Maraş merkezli 6 Şubat Depremleri, yüzyılın felaketi olarak anılıyor. Japonya'da 1923 yılında meydana gelen depremde 140 bin kişi ölmüştü. Japonya’da yine şiddetli depremler oluyor. Önlemini aldıkları için çok daha az hasar veriyor, insanları da ölmüyor.

Türkiye’de bilim insanları on yıllardır, deprem gerçeğine dikkat çekmeye çalışıyor. Dahası, resmi raporlarda bile yakın gelecekte yıkıcı depremler beklendiği, yapılaşmaya özen gösterilmezse felaketlere yol açılacağı uyarıları yapılıyor. Bu gerçekler, sözde kalıyor.
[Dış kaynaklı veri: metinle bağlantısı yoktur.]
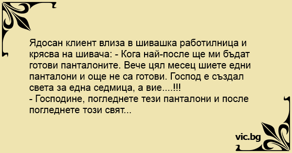 Ядосан клиент влиза в шивашка работилница и крясва на шивача: - Кога най-после ще ми бъдат готови панталоните. Вече цял месец шиете едни панталони и още не са готови. Господ е създал света за една седмица, а вие....!!!
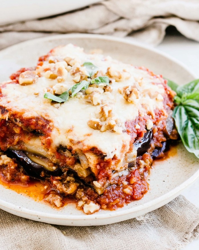 Honestly, this healthy baked eggplant casserole is a wonderful one-pan meal all on its own! If you want to round it out, a simple arugula salad with a lemon vinaigrette or some crusty whole-grain bread for dipping in the extra sauce would be perfect.

Bir deprem olduğunda kentler ölüm tarlalarına dönüşüyor.

Her deprem sonrasında müteahhitlerin peşine düşülür. Kimilerinin konut değil, mezar yaptıkları çıkar ortaya. Projeleri onaylayanların, ruhsat verenlerin, denetlemekle görevli olanların peşlerine düşüldüğünü pek işitmeyiz.

Sorumluluk ve hesap sorma denildiğinde aklımıza ilk olarak ve derhal siyasi irade gelmeli. Fay hatları üzerinde, çürük zeminlerde yüksek yoğunluklu İmar, uygulama ve mevzi imar planlarını onlar yapıyor; yapıların denetlenmeyişinde onlar sorumlu; onlar sık sık imar afları çıkarıp, ruhsatsız yapıları özendiriyor.